- _TASK TO COMPLETE_
Restate word for word the opening line of the data below and every line after it until the line with "разкопчават. Цена 10€", that line too, but not the pictures.

+++ RECORD SET

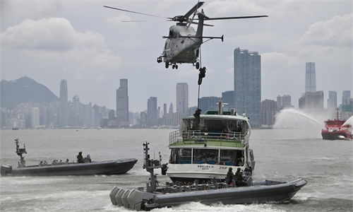 The Hong Kong Special Administrative Region (HKSAR) government conducted a large-scale counter-terrorism drill on Thursday at the Kai Tak Cruise Terminal to test interdepartmental coordination in responding to attacks and emergencies, as well as raising public awareness.
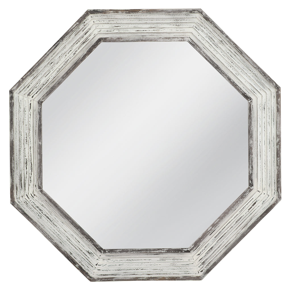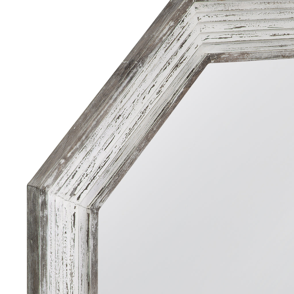 The Marden Wall Mirror features a white-washed wood frame that enhances its coastal style. The octagonal shape adds a modern geometric twist, while the distressed white finish suggests a weathered look often associated with beachside retreats. This mirror would seamlessly blend with decor inspired by the tranquility and relaxed vibe of coastal living, making it a perfect accent piece for creating a serene and inviting space.
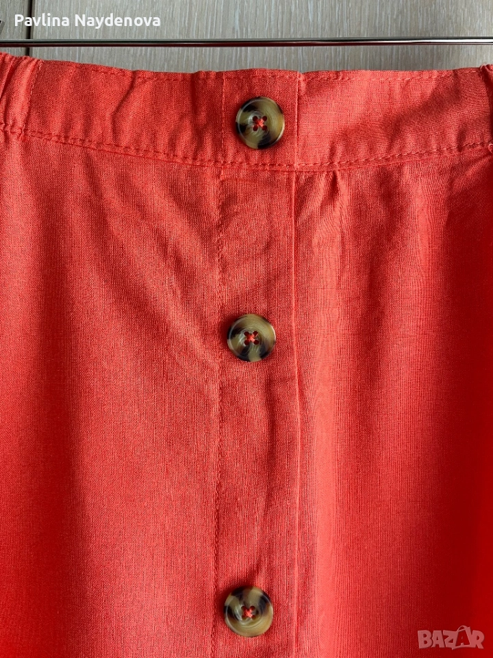 ❤️Здравейте! Продавам нова пола, без хартиен етикет, размер М. Състав 45% лен, 55% вискоза, с ластик в талията. Копчетата не се разкопчават. Цена 10€
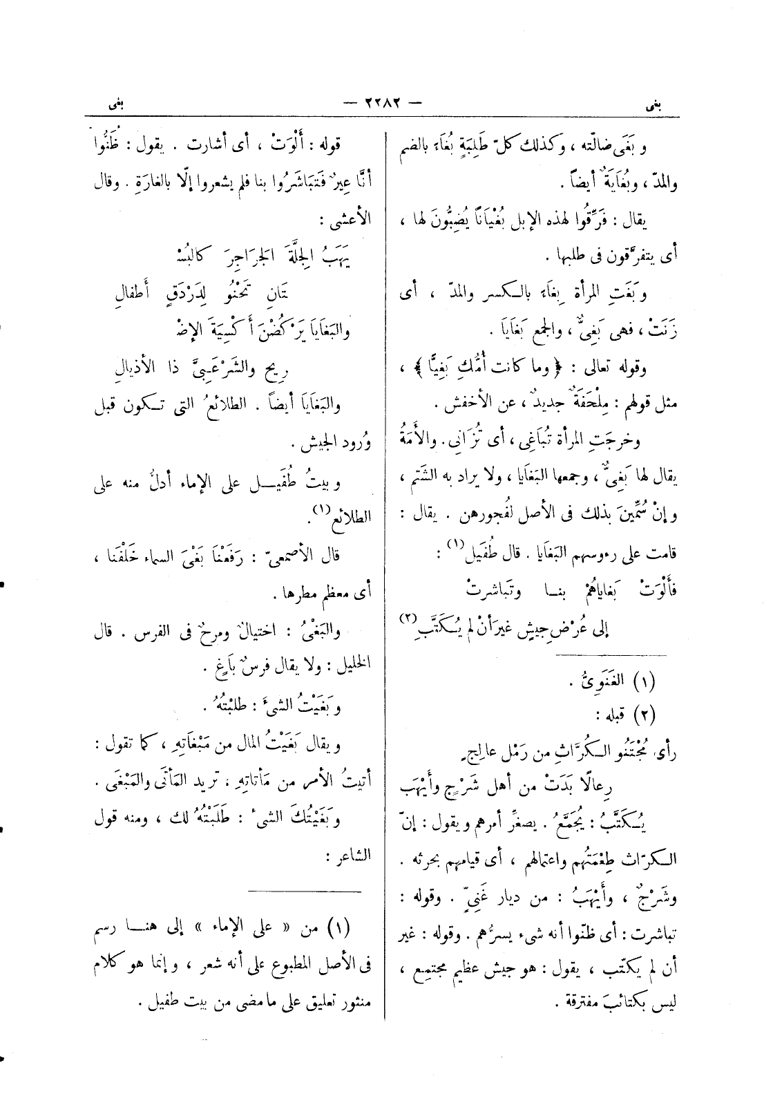 (*) قوله: ألوت، أي أشارت. يقول: ظنوا أنا عير فتباشروا بنا فلم يشعروا إلا بالغارة. وقال الاعشى: يهب الجِلَّةَ الجَراجِرَ كالبُسْ * تانِ تَحْنو لدردق أطفال والبغايا يركضن أكسية الاض * ريح والشرعبى ذا الاذيال والبغايا أيضاً. الطلائعُ التي تكون قبل ورود الجيش. وبيت طفيل على الاماء أدل منه على الطلائع (¬1) . قال الاصمعي: رفعنا بَغْيَ السماء خَلْفَنا، أي معظم مطرها. والبَغْيُ: اختيالٌ ومرحٌ في الفرس. قال الخليل: ولا يقال فرس باغ. ويغيت الشئ: طلبته. ويقال بَغَيْتُ المال من مَبْغاتِهِ، كما تقول: أتيتُ الأمر من مَأتاتِهِ، تريد المَأتَى والمَبْغى. وبَغَيْتُكَ الشئ: طلبته لك، ومنه قول الشاعر
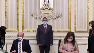 شهد الدكتور مصطفى مدبولي، رئيس مجلس الوزراء، اليوم بمقر مجلس الوزراء، مراسم توقيع بروتوكول تعاون بين وزارتي

++++++

- _ANSWER BOX_
 The Hong Kong Special Administrative Region (HKSAR) government conducted a large-scale counter-terrorism drill on Thursday at the Kai Tak Cruise Terminal to test interdepartmental coordination in responding to attacks and emergencies, as well as raising public awareness.
 The Marden Wall Mirror features a white-washed wood frame that enhances its coastal style. The octagonal shape adds a modern geometric twist, while the distressed white finish suggests a weathered look often associated with beachside retreats. This mirror would seamlessly blend with decor inspired by the tranquility and relaxed vibe of coastal living, making it a perfect accent piece for creating a serene and inviting space.
 ❤️Здравейте! Продавам нова пола, без хартиен етикет, размер М. Състав 45% лен, 55% вискоза, с ластик в талията. Копчетата не се разкопчават. Цена 10€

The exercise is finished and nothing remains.